Priest prefers to leave women alone in hard decisions

18/01/2023 / Abortion 

Pro-abortion priest misses the mark; Reverend Coren prefers to leave women alone in crisis pregnancy

Reverend Michael Coren, an Anglican priest, took the time to write an editorial against those who would pray outside abortion clinics. He accuses them of inconsistency, intimidation and harassment, not to mention attention seeking and a lack of understanding of the power of prayer. These are harsh words from a former pro-life advocate, and they deserve a response.

First of all, the reverend announces that he’d “still like abortion rates to drop, but also hold women’s choice to be fundamental and even sacred. Those rates would decline if, for example, we provided universal publicly funded daycare, enforced paternity payments, provided modern sex education in all schools, made contraceptives freely available, tried to eradicate poverty, and empowered women.”

Let’s not even talk about his throwaway line about women’s choice to have an abortion being sacred. As a priest, he should be ashamed to associate ideas of holiness and worthiness of worship with a woman’s choice to end the life of her child.

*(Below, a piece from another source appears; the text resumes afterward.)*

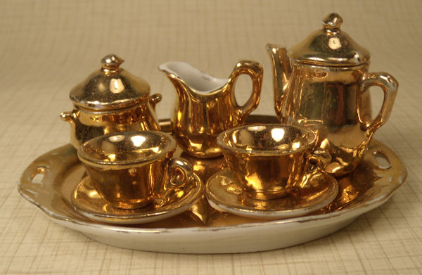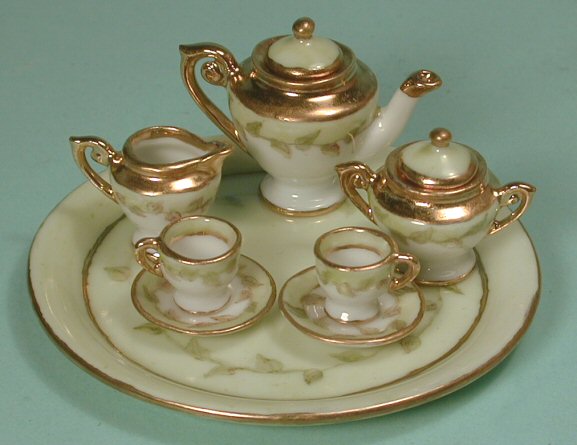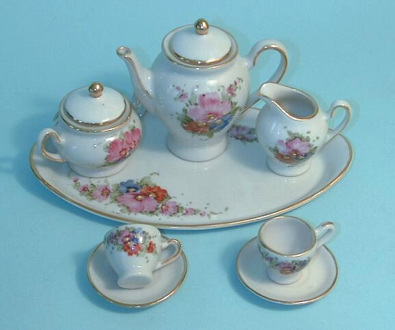 Porcelain MiniatureTea Set with Hand Painted Flower Decorations

Beyond that, though, he also touts the pro-abortion rhetoric that pro-lifers are only pro-birth, and this discounts their position. In fact, we are anti killing babies. This is not an extreme position – consider the number of Canadians who would share this position for babies just a few months older and on the outside of the womb. Where pro-life advocates stand on sex education, universal daycare, or, for that matter, plastic straw bans or Canada’s international relations is an intentional distraction from the very real issue of abortion.

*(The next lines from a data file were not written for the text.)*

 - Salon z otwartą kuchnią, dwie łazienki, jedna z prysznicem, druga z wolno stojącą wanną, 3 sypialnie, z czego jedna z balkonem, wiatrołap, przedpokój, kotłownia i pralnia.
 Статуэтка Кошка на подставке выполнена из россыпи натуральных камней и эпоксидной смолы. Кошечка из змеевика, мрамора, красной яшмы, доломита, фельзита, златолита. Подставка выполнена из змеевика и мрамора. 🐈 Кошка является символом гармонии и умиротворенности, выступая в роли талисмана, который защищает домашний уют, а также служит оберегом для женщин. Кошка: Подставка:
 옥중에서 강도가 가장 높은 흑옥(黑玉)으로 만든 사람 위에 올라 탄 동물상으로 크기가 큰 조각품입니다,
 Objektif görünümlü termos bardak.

Rev. Coren suggests several alternatives to pro-life activism. But what lobbying or other efforts is Rev. Coren taking to introduce his suggested enforced paternity payments (a genuinely brilliant and necessary idea), free access to contraceptives (and why not period products while we’re at it) and the eradication of poverty (if he has a solution, governments for the last millennia would love to hear it)? We all live with inconsistencies, saying, for example, that we oppose slavery and child labour while buying discount clothes from mass retailers. But that doesn’t mean our every view or action should be dismissed as hypocritical or uninformed.

Coren goes on to point out that “women entering clinics are often vulnerable, frightened and alone, and have reported finding opponents praying to be painful and difficult. As one young woman said to me, “Let them pray by all means, let them protest if they like, but not here and now. This is my body, and my incredibly difficult experience.”

As a priest, is it his usual policy to leave vulnerable, frightened people alone when they are facing a difficult decision? Having never gone to a priest myself, perhaps my assumption is wrong that they are there to help in times of trouble, available to pray with and encourage people facing troubling circumstances. I guess he prefers to make “long distance calls” to God, a safe, non-threatening distance away from those who are hurting.

Finally, Coren says of those praying outside abortion clinics that “of course it’s meant to “intimidate” and “harass.” Why else would closeness matter, and why do anti-abortion media platforms celebrate each time a woman has her mind changed and walks away from her appointment?”

If he’s unsure why a woman changing her mind is celebrated, I don’t believe he was ever a part of the pro-life movement. For exactly the reason mentioned above – a woman’s mind is changed – there is rejoicing. We rejoice in a life saved, in a prayer answered, in a powerful and loving God who is in control no matter the outcome. Christians don’t view prayer as a utilitarian method of getting what they want. Rather, prayer is about faithfulness. It’s not about results. But when results are manifested, than praise and celebration is a right response.

Rev. Coren misunderstands the pro-life movement, certainly, and, worse than that, the God he claims to serve.